I climb the steps in a low crouch, moving with confidence now. This part is easy. Even if the key doesn't work, I have time to climb back down and take my place in the forge again. The only thing I have to fear is what's beyond that door.

At the top, I can't resist a peek over the edge. It's a stupid risk, but nobody will see the top of my head at this height and in this atmosphere. And it's worth it, just to see the seething, glowing panorama of the forge spread out beneath me, the thin, ordered rivers of molten yellow-white tracing among the hulking black monuments. For a moment, I feel superior: ruler of this place. I've beaten it.

Premature. I try the key and it fits the lock. But it won't turn.

I curse under my breath. Jiggle it, give it another try. It sticks. Now I'm getting worried. I try it again, with greater force. Still nothing.
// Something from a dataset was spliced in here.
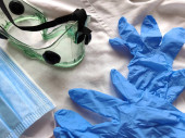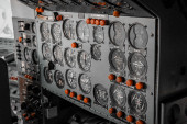 Stare maski oddechowe z czasów zimnej wojny, wiszące w ścianie.

For want of any better options, I reinsert, try it again, and this time it turns. Tumbling relief in my chest. Some problem with the marriage of key and lock, a misalignment. The key might be unreliable, but it does work.

I open the door a crack and look through. Nobody there. In I go, locking the door behind me. This time it obliges first time. I slip the key back inside my belt, and survey my reward: the Overseer's office.

It's underwhelming at best. Spartan, neat, and dim. Lanterns illuminate a room of bare stone with little ornamentation to speak of. There are scroll cases stacked in a cabinet, and a desk with a half-written letter on it. A row of dirty windows looks over the forge.